#### [Assigned task]
Under this line are records; the part from the line containing "Site dédié aux" through the line containing "As it's time" should be repeated exactly. Please exclude pictures.

#### [Listed entries]
————————

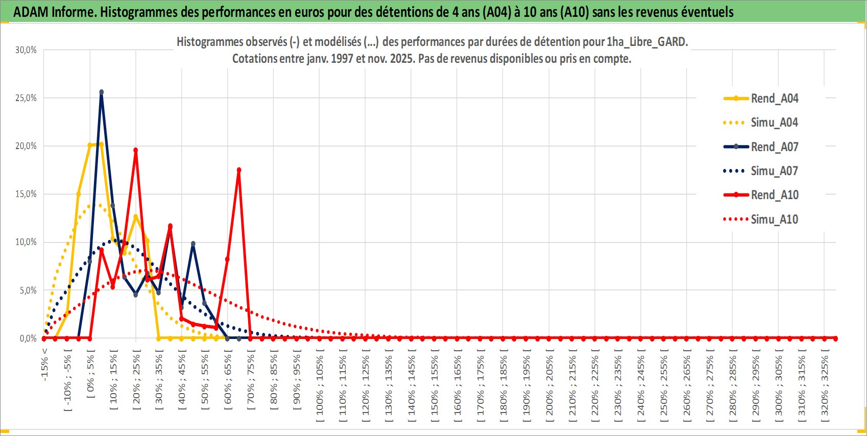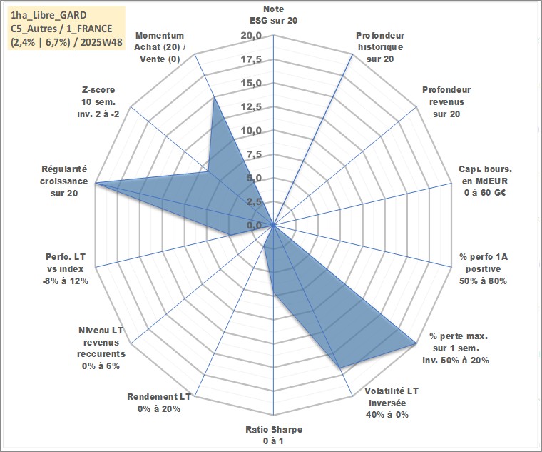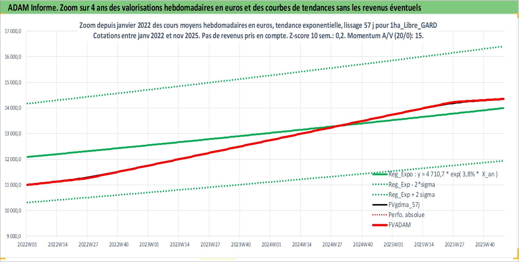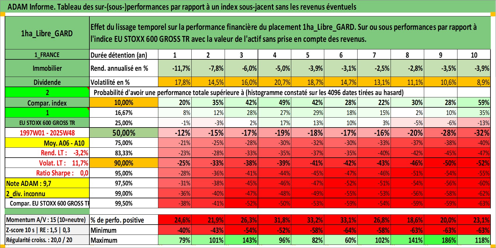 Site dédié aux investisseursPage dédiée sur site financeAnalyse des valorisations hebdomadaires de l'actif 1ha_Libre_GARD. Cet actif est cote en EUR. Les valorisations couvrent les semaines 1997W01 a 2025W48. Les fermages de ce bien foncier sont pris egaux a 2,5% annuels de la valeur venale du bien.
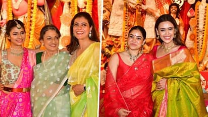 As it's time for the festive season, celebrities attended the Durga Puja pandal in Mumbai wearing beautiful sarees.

————————

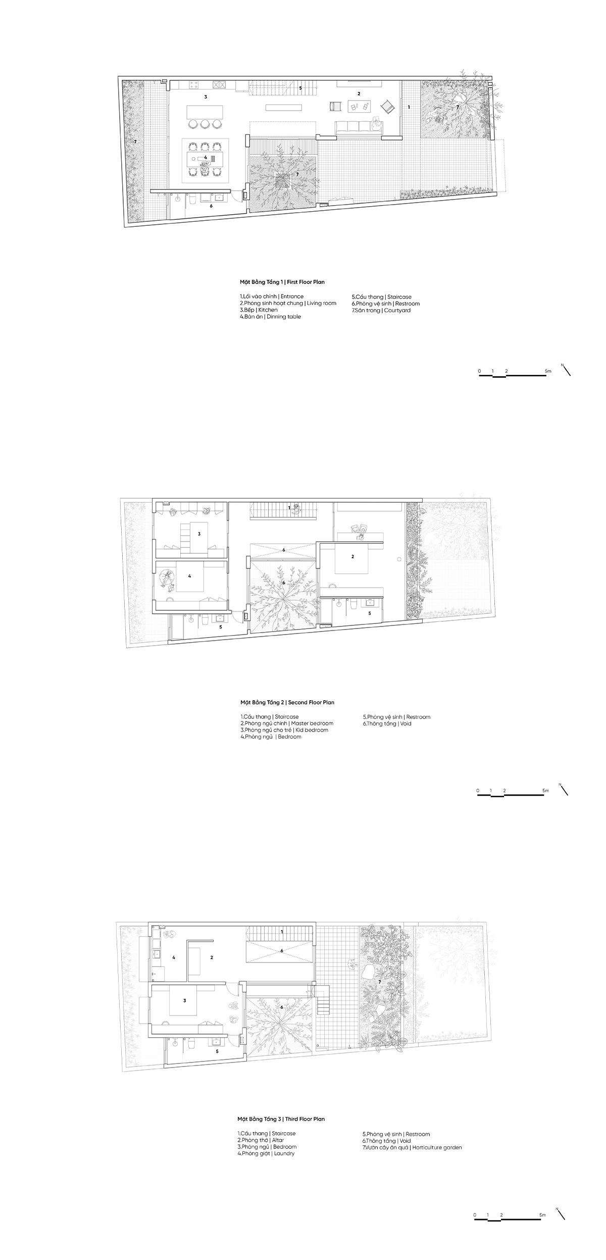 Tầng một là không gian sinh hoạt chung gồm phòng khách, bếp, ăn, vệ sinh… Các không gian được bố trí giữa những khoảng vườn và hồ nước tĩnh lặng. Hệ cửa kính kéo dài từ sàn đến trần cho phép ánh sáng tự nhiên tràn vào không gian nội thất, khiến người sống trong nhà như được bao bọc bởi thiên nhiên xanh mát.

————————

#### [Exercise output]
 Site dédié aux investisseursPage dédiée sur site financeAnalyse des valorisations hebdomadaires de l'actif 1ha_Libre_GARD. Cet actif est cote en EUR. Les valorisations couvrent les semaines 1997W01 a 2025W48. Les fermages de ce bien foncier sont pris egaux a 2,5% annuels de la valeur venale du bien.
 As it's time for the festive season, celebrities attended the Durga Puja pandal in Mumbai wearing beautiful sarees.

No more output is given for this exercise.